从源码中能理解大部分的 define 语句是做什么的,比如页的大小、最大虚拟地址等,这里挑几个出来讲讲
结合书中的图3.2分析:
img_1.png

  • PGROUNDUP:获取地址sz对应的物理页号(PPN),向上取整
  • PGROUNDDOWN:同上,获取地址sz对应的物理页号(PPN),向下取整
  • PTE_FLAGS:获取页表项对应的标志
  • PXMASK:虚拟地址的低39位被 xv6 使用, 这39bit中的高27bit被用来索引页表项,xv6的页表是三级页表,
    ,这27bit被分为三次使用,每次使用9bit,因此 PXMASK0x1FFPXSHIFT 则是根据是第几级页表来计算移位数

xv6只使用了5个页标志,而不是图中RISC-V的8个标志。 至于 PA2PTEPTE2PA,光看这个文件的话会难以理解,留到后续与其他文件一起解释。

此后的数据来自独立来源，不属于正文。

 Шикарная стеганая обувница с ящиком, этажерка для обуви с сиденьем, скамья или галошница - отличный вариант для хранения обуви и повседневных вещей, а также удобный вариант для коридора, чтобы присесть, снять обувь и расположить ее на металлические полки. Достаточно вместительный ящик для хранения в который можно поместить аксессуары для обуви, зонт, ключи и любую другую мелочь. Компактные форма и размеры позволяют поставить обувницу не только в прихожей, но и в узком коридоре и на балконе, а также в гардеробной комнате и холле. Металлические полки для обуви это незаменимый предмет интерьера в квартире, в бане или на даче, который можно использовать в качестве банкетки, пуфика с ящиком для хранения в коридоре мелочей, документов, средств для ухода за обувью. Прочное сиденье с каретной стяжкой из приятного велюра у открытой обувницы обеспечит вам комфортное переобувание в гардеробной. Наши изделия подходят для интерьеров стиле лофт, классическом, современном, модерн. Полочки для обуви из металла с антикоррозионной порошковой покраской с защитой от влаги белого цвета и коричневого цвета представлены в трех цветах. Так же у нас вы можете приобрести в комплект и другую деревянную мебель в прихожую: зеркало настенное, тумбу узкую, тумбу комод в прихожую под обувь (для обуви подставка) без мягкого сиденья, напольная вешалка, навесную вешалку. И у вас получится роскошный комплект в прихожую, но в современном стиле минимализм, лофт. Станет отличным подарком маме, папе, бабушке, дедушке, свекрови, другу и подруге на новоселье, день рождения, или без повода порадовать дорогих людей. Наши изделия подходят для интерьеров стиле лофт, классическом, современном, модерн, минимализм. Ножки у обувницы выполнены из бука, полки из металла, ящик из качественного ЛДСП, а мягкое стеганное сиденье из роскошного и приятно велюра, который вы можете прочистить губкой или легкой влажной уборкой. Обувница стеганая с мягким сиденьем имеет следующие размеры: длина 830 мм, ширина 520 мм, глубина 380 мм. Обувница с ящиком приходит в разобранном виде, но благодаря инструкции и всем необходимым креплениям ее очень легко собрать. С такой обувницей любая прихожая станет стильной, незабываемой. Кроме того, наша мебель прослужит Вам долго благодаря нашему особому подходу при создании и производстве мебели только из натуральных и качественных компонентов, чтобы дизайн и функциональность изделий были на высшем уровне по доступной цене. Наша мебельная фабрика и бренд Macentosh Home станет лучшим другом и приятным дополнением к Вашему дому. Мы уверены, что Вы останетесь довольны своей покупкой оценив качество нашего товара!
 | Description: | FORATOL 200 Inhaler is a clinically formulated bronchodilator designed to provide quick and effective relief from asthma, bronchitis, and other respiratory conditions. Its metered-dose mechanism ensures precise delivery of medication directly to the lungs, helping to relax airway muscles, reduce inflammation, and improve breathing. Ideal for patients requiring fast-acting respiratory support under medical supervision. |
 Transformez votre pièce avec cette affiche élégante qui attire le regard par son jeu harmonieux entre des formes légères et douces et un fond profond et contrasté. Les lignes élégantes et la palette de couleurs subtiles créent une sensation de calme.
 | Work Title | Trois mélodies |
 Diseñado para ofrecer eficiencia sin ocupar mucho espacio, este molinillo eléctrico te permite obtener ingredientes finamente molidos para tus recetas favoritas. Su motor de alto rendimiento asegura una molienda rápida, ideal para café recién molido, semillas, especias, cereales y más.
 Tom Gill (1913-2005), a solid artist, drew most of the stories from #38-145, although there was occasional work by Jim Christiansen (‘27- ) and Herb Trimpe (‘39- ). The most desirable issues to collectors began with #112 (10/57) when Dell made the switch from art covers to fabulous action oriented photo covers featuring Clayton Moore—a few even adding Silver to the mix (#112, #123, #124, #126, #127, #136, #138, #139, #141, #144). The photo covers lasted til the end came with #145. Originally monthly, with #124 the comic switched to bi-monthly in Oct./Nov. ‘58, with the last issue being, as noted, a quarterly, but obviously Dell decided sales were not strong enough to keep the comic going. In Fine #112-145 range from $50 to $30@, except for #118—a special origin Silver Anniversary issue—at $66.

类型 pagetable_t 将会在下面提到,只需记住,它是64位长的指针。

kernel/memlayout.h xv6内存布局

The file (kernel/memlayout.h) declares the constants for xv6’s kernel memory layout.
book-riscv-rev2.pdf-P34

这个文件定义了 xv6 的内存布局

#define UART0 0x10000000L
#define UART0_IRQ 10

#define VIRTIO0 0x10001000
#define VIRTIO0_IRQ 1

#define CLINT 0x2000000L
#define CLINT_MTIMECMP(hartid) (CLINT + 0x4000 + 8*(hartid))
#define CLINT_MTIME (CLINT + 0xBFF8)

#define PLIC 0x0c000000L
#define PLIC_PRIORITY (PLIC + 0x0)
#define PLIC_PENDING (PLIC + 0x1000)
#define PLIC_MENABLE(hart) (PLIC + 0x2000 + (hart)*0x100)
#define PLIC_SENABLE(hart) (PLIC + 0x2080 + (hart)*0x100)
#define PLIC_MPRIORITY(hart) (PLIC + 0x200000 + (hart)*0x2000)
#define PLIC_SPRIORITY(hart) (PLIC + 0x201000 + (hart)*0x2000)
#define PLIC_MCLAIM(hart) (PLIC + 0x200004 + (hart)*0x2000)
#define PLIC_SCLAIM(hart) (PLIC + 0x201004 + (hart)*0x2000)

#define KERNBASE 0x80000000L
#define PHYSTOP (KERNBASE + 128*1024*1024)

#define TRAMPOLINE (MAXVA - PGSIZE)

#define KSTACK(p) (TRAMPOLINE - ((p)+1)* 2*PGSIZE)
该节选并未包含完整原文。